IDH1 mutations are the signature genetic feature of lower grade gliomas and secondary glioblastomas. They are thought to initiate gliomagenesis by causing accumulation of the oncometabolite (R)-2-hydroxyglutarate in neural progenitor cells. (R)-2-hydroxyglutarate, in turn, controls the activity of dioxygenase enzymes which regulate chromatin structure, hypoxia signaling, and other key aspects of neural cell biology. Collectively, these effects promote brain tumor initiation. Although this framework represents a significant advance in our understanding of the oncogenicity of IDH1 mutations, detailed characterization of the molecular cascades that link (R)-2-hydroxyglutarate accumulation with gliomagenesis has not been fully completed.

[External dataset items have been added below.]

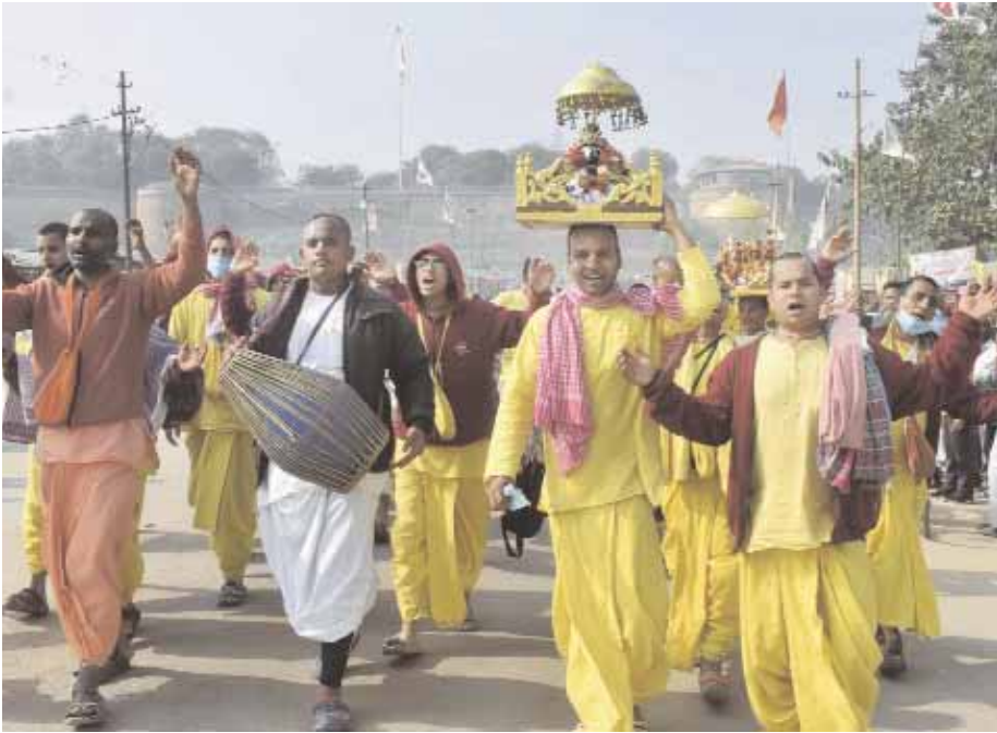
ISKCON followers participate in a religious procession during the annual Magh Mela festival in Prayagraj on Tuesday
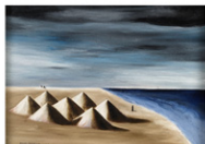
Gertrude Abercrombie Untitled 1939
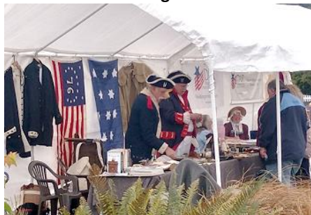
The JPJ Booth
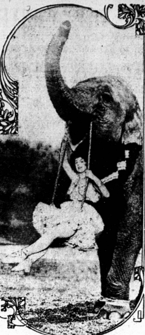
ELEPHANT SWINGS PRETTY GIRL

JOHNSON & JOHNSON The Quality Druggists Corner Kent and Prince Streets
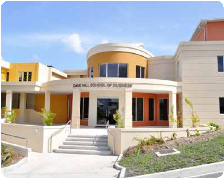
Sagikor Cave Hill School of Business (Map CARICOM PARK Ref 36)

Please refer to the Campus Map on page 150 for site locations.
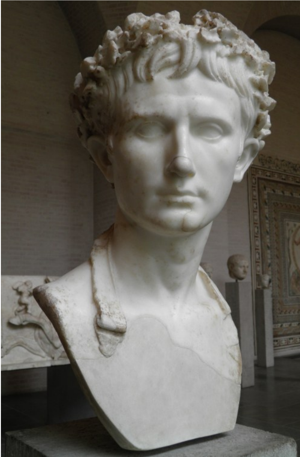
The so called "Augustus Bevilacqua", bust of the emperor Augustus wearing the Corona Civica
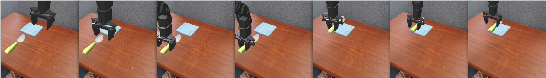
(a) Spoon On Tower: put the spoon on the tower
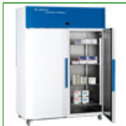
Labcold RPF44042 - 1245 Litre Advanced Pharmacy Fridge with Solid Door
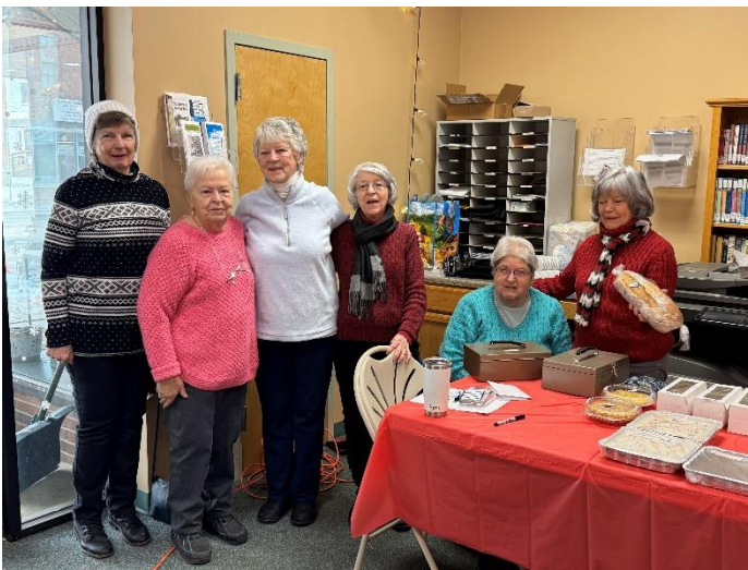
The women of Arcade UCC held a very successful bake sale during the Winterfest in the church library.

We are already looking ahead to next year’s Winterfest 2026 on Feb. 13-14! Mark your calendars!
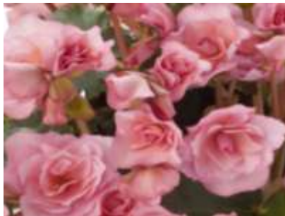
Glory Ilona Type
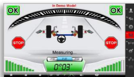
User-Friendly Screen Diagrams & Graphics
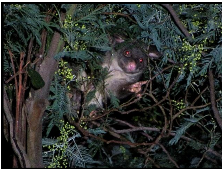
Top: red-necked wallaby. Middle: eastern greater glider. Bottom: mountain brushtail possum.
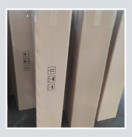
3 Carton Package
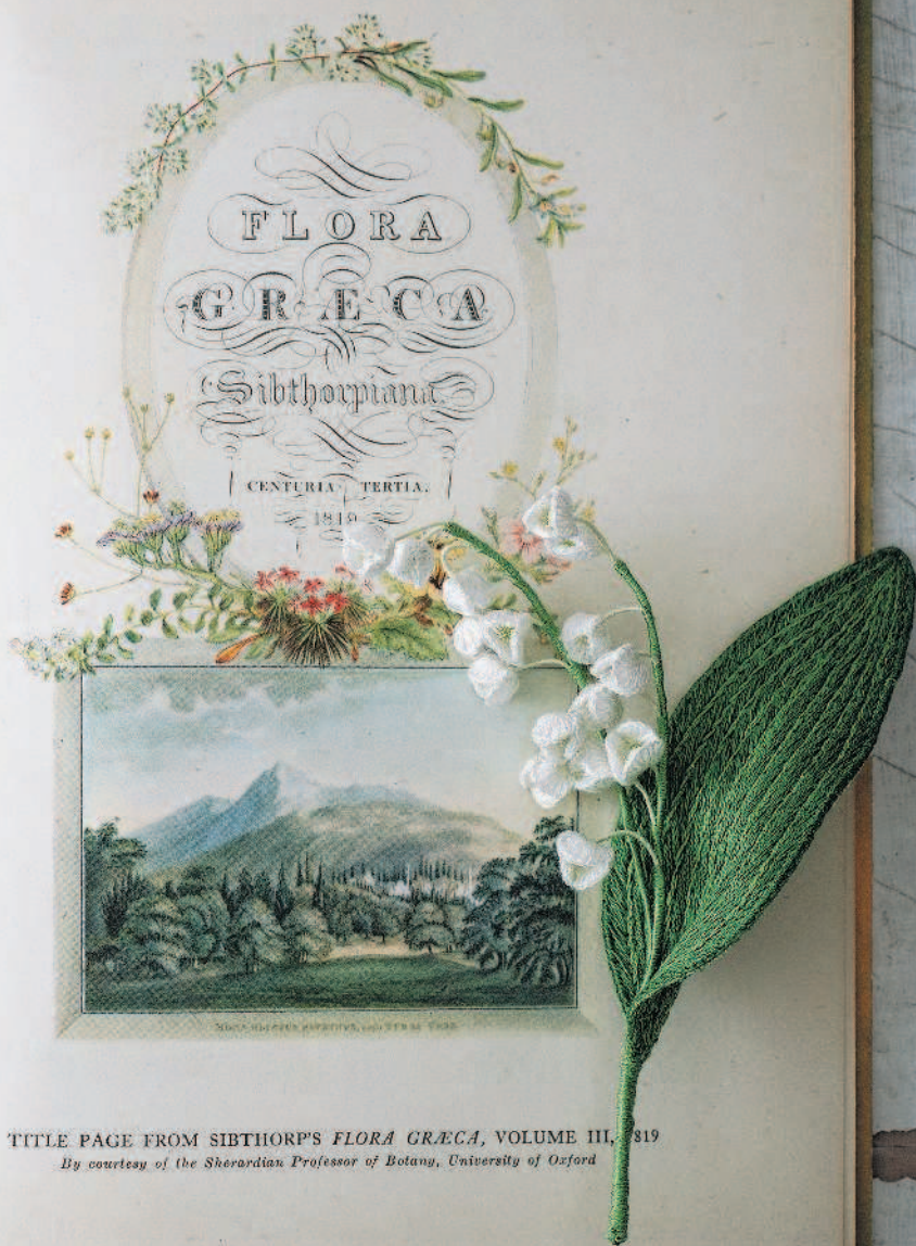
TITLE PAGE FROM SIBTHORP'S FLORA GRAECA, VOLUME III, 1819

Давайте попробуем оживить милый образ звенящего ландыша с поникшими колокольчиками. 1 мая во Франции — День ландыша. Говорят, что в этот день французы по традиции дарят любимым ландыши.
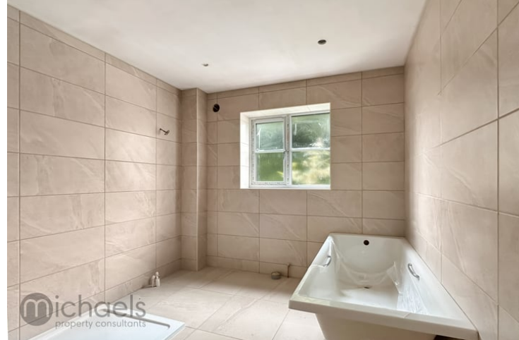
8' 6" x 8' 6" (2.59m x 2.59m) Three piece suite.
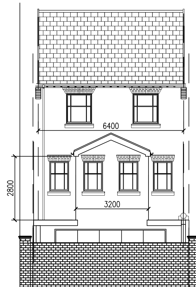
SCALE 1:100 REAR ELEVATION
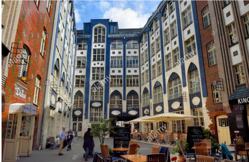
Heritage Conservation: Berlin's Historic Cored destroyed during the war Spandauer Vorstadt is beautifully restored today with cafés, shops & courtyard homes
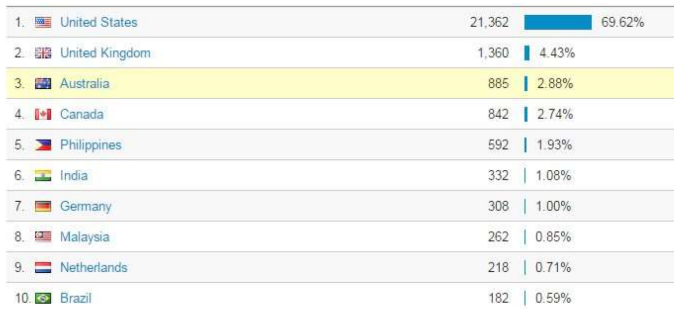
Table 2 Top 10 Countries by Number of Downloads
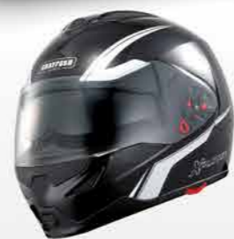
MODEL G1818 CODE XP-BLACK SILVER
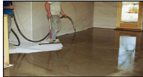
Applying Self-Leveling Floor Underlayment Cement thru a pump
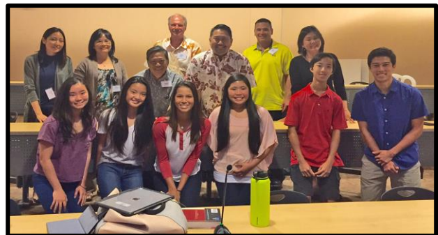
Iolani students meet with State and City traffic engineers

This past semester, Iolani School's "One Mile Project" class studied age-friendly communities and design thinking. The class project focused on creating innovative, age-friendly design solutions to the congested intersection of Kapiolani Boulevard and Date Street for improved pedestrian safety. One student is also pursuing a "GoGo Grandparent" pilot project in partnership with Plaza Assisted Living to provide on-demand transportation service.
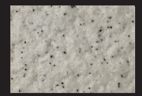
1A98O838330 GM white
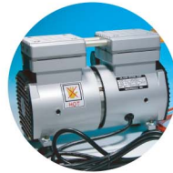
Air Compressor Unit
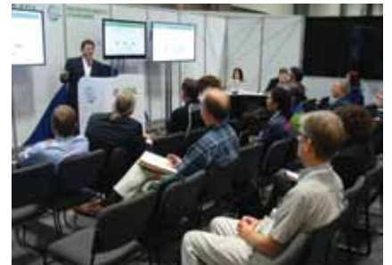
• Meeting attendees learn about interoperability standards during an educational presentation on the exhibit hall floor.

We are currently undertaking complementary top-down and bottom-up approaches to dissect specific oncogenic mechanisms engaged by IDH1 mutations. To systematically identify critical proximal effectors of (R)-2-hydroxyglutarate in glioma, we are performing CRISPR/Cas9 screens to uncover dioxygenases that control malignant transformation in cellular contexts that closely recapitulate glioma genetics. We are also using a novel genetically engineered mouse model of glioma created in our laboratory to characterize the dynamics of the distal effects of mutant IDH1 on the epigenome and the transcriptome. Taken together, findings from these studies are expected to provide a comprehensive understanding of how (R)-2-hydroxyglutarate induces glial cell transformation in vivo. These findings may reveal metabolic mechanisms of transformation with relevance beyond the setting of IDH1 mutant glioma. Furthermore, our findings may reveal unappreciated therapeutic opportunities to impede brain tumor progression.

The paradigm of malignant transformation by IDH1 mutations holds that (R)-2-hydroxyglutarate produced by IDH1 mutant enzymes directly modulates the activity of oncogenic or tumor suppressive dioxygenase enzymes to promote tumorigenesis. Recently, we showed that (R)-2-hydroxyglutarate can also regulate the activity of another class of enzymes known as transaminases (Cell 175, 101-116, 2018). Specifically, we found that (R)-2-hydroxyglutarate directly inhibits the branched chain amino acid transaminases BCAT1 and BCAT2. These enzymes play central roles in nitrogen metabolism in glial cells, and our work revealed that (R)-2-hydroxyglutarate accumulation impairs the BCAT-dependent synthesis of nitrogenous metabolites.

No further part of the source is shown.